### WHAT YOU ARE ASKED TO DO
Within the records that follow, find every line containing the string "style". Copy those lines.

### SUPPLIED RECORDS
== Segment start ==

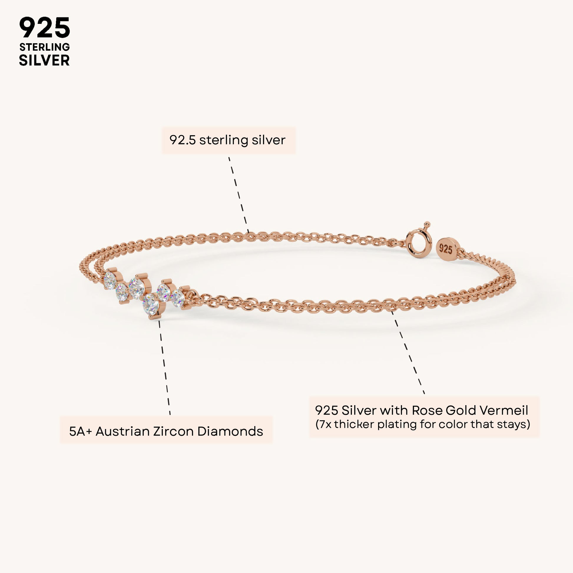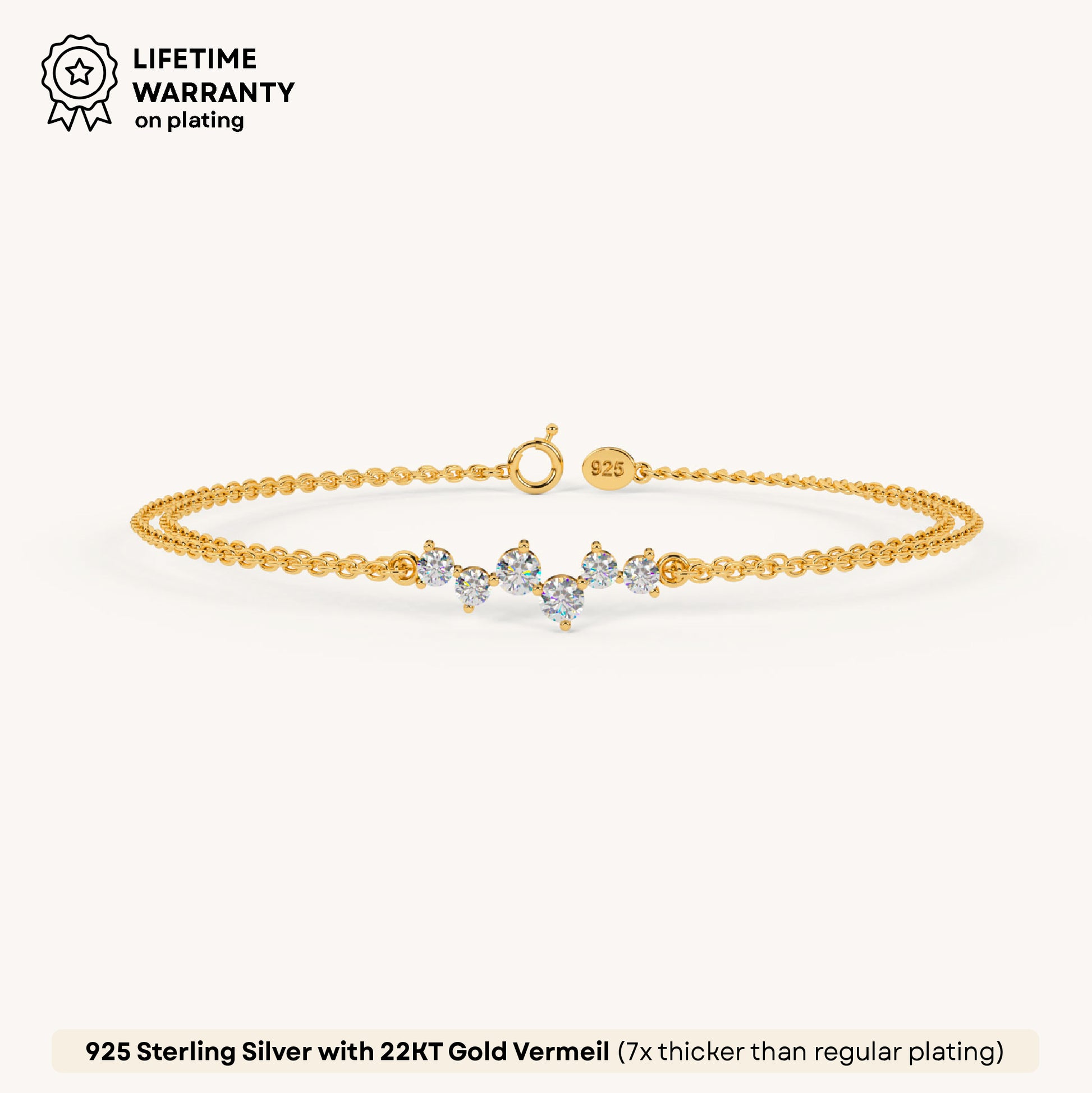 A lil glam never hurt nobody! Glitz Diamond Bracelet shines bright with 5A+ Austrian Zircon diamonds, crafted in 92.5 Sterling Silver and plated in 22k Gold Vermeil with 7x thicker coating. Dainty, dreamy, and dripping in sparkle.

== Segment end ==
== Segment start ==

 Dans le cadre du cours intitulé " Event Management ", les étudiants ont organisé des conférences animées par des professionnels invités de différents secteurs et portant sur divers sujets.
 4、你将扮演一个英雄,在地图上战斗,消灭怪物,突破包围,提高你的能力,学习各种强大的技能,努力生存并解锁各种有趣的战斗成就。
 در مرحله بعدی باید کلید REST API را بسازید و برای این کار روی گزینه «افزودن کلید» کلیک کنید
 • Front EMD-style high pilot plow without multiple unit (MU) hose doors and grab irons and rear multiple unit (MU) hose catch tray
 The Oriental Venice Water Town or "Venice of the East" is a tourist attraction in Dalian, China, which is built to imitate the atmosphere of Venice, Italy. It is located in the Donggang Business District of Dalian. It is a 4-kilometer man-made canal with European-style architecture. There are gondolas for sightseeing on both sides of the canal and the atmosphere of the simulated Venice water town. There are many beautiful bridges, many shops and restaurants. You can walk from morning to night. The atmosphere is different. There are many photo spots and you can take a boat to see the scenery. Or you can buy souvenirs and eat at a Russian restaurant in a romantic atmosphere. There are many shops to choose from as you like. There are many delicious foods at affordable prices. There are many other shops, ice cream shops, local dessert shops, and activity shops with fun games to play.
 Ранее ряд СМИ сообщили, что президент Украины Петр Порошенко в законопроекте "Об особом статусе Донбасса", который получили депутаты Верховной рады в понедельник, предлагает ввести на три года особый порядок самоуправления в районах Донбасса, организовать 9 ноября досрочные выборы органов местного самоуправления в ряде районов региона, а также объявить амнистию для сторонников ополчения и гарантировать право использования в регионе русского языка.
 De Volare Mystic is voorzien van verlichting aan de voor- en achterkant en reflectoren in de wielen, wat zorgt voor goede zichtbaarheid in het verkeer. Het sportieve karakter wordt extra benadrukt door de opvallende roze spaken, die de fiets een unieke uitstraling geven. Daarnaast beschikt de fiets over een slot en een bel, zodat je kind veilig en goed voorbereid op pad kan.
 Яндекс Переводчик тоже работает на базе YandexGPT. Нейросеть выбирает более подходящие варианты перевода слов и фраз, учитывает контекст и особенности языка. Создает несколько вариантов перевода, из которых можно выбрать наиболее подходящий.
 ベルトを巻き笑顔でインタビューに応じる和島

== Segment end ==

### ANSWER TO THIS TASK
 • Front EMD-style high pilot plow without multiple unit (MU) hose doors and grab irons and rear multiple unit (MU) hose catch tray
 The Oriental Venice Water Town or "Venice of the East" is a tourist attraction in Dalian, China, which is built to imitate the atmosphere of Venice, Italy. It is located in the Donggang Business District of Dalian. It is a 4-kilometer man-made canal with European-style architecture. There are gondolas for sightseeing on both sides of the canal and the atmosphere of the simulated Venice water town. There are many beautiful bridges, many shops and restaurants. You can walk from morning to night. The atmosphere is different. There are many photo spots and you can take a boat to see the scenery. Or you can buy souvenirs and eat at a Russian restaurant in a romantic atmosphere. There are many shops to choose from as you like. There are many delicious foods at affordable prices. There are many other shops, ice cream shops, local dessert shops, and activity shops with fun games to play.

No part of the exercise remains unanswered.